A/B Test Significance Calculator

Determine if your split test winner is real or just luck

🅰️ Control Group
🅱️ Variation Group
Test Result
0%
Not Significant

Enter your data above to see if the difference is statistically significant.

0% Control Rate
0% Variation Rate
0% Relative Lift

Why You Can’t Trust Your Eyes

In digital marketing, human intuition is often wrong. You might see that Variation B has 50 conversions while Control A has only 40, and assume B is the winner. But is it? Or was it just a lucky day?

This A/B Test Significance Calculator uses statistical math (specifically a two-tailed Z-test) to tell you the probability that your results are due to actual user behavior changes rather than random chance.

🎯 The Goal: You want a “Confidence Level” of at least 95%. This means there is only a 5% chance the result is a fluke.

How Statistical Significance Works (The Math)

Behind the scenes, we are calculating a “Z-Score” to find the standard deviation between the two conversion rates. Here is the formula breakdown:

Z-Score Formula:

Z = (Pvar – Pcon) / Standard Error

Where Standard Error is derived from the pooled conversion rate and sample sizes.

If the Z-Score is high enough (typically above 1.96), it corresponds to a 95% confidence level.

How to Interpret Your Results

1. Significant (95% or higher)

Green light! 🟢 The variation is statistically proven to be different from the control. If the lift is positive, you should implement the change immediately.

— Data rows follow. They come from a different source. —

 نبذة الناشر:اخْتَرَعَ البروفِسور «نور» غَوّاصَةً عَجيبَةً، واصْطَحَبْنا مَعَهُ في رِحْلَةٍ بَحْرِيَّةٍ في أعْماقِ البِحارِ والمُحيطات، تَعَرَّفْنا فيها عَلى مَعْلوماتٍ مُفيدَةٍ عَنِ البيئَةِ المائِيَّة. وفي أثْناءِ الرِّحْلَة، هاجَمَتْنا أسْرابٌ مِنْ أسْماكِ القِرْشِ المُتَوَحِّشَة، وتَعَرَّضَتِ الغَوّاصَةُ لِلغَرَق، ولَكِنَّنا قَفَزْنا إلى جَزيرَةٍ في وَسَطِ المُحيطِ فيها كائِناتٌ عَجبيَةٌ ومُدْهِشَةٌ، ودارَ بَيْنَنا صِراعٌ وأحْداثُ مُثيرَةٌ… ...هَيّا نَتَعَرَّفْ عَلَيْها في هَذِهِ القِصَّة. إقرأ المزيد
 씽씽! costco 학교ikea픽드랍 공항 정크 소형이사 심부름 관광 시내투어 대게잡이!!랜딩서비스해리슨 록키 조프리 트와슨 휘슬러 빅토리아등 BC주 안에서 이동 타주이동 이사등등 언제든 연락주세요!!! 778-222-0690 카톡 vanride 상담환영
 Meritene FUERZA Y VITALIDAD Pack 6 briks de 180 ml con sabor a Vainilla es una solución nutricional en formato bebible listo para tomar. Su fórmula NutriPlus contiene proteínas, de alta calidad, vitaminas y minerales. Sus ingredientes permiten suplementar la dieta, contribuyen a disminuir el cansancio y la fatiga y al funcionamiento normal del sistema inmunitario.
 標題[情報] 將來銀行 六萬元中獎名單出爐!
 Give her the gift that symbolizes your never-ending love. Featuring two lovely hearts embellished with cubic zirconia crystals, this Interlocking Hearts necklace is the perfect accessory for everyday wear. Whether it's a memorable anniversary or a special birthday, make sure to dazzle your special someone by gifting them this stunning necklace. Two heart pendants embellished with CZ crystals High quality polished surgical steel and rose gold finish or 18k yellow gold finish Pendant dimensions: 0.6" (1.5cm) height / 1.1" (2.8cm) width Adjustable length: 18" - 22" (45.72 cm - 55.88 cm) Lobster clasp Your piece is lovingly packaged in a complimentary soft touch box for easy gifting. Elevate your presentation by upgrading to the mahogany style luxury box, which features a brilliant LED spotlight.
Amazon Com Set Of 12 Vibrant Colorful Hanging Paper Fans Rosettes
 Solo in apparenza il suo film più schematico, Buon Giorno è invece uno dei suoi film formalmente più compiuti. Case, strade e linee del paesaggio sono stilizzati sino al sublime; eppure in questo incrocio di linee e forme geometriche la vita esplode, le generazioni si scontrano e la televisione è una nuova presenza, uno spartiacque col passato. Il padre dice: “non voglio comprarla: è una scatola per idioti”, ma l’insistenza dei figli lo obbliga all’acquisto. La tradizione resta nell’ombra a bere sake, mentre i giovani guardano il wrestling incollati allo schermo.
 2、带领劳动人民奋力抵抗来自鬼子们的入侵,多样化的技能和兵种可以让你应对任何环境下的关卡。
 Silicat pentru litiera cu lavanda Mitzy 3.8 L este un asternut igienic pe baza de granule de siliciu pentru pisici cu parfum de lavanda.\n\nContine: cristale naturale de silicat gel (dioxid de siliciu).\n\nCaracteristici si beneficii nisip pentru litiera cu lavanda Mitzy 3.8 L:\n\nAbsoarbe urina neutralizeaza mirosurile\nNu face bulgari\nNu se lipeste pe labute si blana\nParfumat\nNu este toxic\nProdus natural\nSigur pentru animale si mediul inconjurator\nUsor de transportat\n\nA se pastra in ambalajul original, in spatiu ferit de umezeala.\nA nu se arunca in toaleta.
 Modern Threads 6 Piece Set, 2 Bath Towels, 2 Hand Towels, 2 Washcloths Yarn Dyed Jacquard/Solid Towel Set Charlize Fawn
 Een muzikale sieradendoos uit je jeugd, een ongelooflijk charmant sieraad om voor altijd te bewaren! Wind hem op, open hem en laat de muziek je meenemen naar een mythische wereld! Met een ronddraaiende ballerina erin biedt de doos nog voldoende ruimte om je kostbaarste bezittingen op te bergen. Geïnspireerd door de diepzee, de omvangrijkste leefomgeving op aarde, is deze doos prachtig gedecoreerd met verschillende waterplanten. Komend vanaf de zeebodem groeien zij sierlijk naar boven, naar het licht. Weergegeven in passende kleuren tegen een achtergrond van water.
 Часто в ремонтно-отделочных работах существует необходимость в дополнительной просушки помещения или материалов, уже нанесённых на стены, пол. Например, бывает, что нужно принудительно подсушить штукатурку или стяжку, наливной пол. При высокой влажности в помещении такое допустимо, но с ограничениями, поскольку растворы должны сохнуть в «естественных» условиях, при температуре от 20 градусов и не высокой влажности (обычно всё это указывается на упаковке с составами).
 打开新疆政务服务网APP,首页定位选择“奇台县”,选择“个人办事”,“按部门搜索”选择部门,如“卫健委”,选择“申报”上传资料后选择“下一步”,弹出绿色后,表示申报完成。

2. Not Significant (Below 90%)

Red light. 🔴 There is not enough data to prove a difference. If you implement the change now, you are gambling. You need to run the test longer to get more visitors.

3. Negative Lift

If your result is significant but the lift is negative, your change actually hurt performance. Revert to the Control version immediately.

Frequently Asked Questions (FAQs)

How long should I run an A/B test?

You should run a test for at least one full business cycle (usually 1 or 2 weeks) to account for weekend vs. weekday behavior, regardless of how quickly you reach significance.

What does “p-value” mean?

The p-value is the inverse of confidence. If your Confidence Level is 95%, your p-value is 0.05. It represents the probability that the difference occurred by random chance.

Can I stop a test as soon as it hits 95%?

It is best practice to wait for the pre-calculated sample size to be reached. “Peeking” too early can lead to false positives, as data can fluctuate wildly at the start of a test.